Surrey Mayor Dianne Watts says her city will be "relentless" in letting criminals know they're not welcome, in line with a report into the crackdown on the city's high murder rate.
Watts made the comments Friday as she unveiled the recommendations made by her Task Force on Crime, which was created in November to look for solutions, amid public outrage over the high crime rate.
She said new initiatives will include adding 24 police officers over the next two years and a permanent six-member bike squad, which will start training Monday.
The extra officers are expected to cost the city $300,000 in 2014 and $600,000 in 2015. The city will also expand its CCTV program and use licence plate readers to identify stolen vehicles.
RCMP Supt. Bill Fordy said more than 140 arrests have been made since the police started a crackdown on nuisance properties, resulting in dozens of charges, and there are no immediate plans to cut back on increased patrols in the Newton area.
NDP says more resources needed
However, NDP Surrey MLA Harry Bains says it's not enough.
We need to have a real emphasis put on hiring more police officers than what's being announced," he said. We still need to deal with recovery homes that are still going on unregulated.
"We still don't have anything concrete about the community court.
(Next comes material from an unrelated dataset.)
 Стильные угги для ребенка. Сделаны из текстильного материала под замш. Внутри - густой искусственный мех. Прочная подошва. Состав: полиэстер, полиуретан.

We have nothing to address mental health issues."
Bains says he applauds the effort, but Surrey is going to be the largest Lower Mainland city in just a few years and more needs to be done.
The task force, which included the mayor, police, school board officials, a criminologist and other experts, was formed just before the death of Julie Paskall, a hockey mom who was savagely beaten outside the Newton Arena in late December as she waited to pick up her son from hockey practice.
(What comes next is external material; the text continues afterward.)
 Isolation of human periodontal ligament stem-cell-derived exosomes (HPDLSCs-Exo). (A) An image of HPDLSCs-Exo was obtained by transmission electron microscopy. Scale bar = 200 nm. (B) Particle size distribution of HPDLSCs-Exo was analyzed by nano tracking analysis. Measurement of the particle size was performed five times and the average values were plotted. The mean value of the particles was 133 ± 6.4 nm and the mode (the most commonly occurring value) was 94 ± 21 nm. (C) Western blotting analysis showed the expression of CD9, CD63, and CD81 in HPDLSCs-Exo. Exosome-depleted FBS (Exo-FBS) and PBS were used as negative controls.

Following Paskall's murder, Central Surrey residents came forward with a litany of safety complaints including inadequate lighting and the location of a bus loop they say is notorious for shady activity.
A total of 25 people were murdered in Surrey in 2013, and community outrage over Paskall's death put even more pressure on the city to deal with violent crime.
In the wake of her killing, nearly 50 police officers were deployed to Newton and Whalley and security was increased around the Newton Town Centre.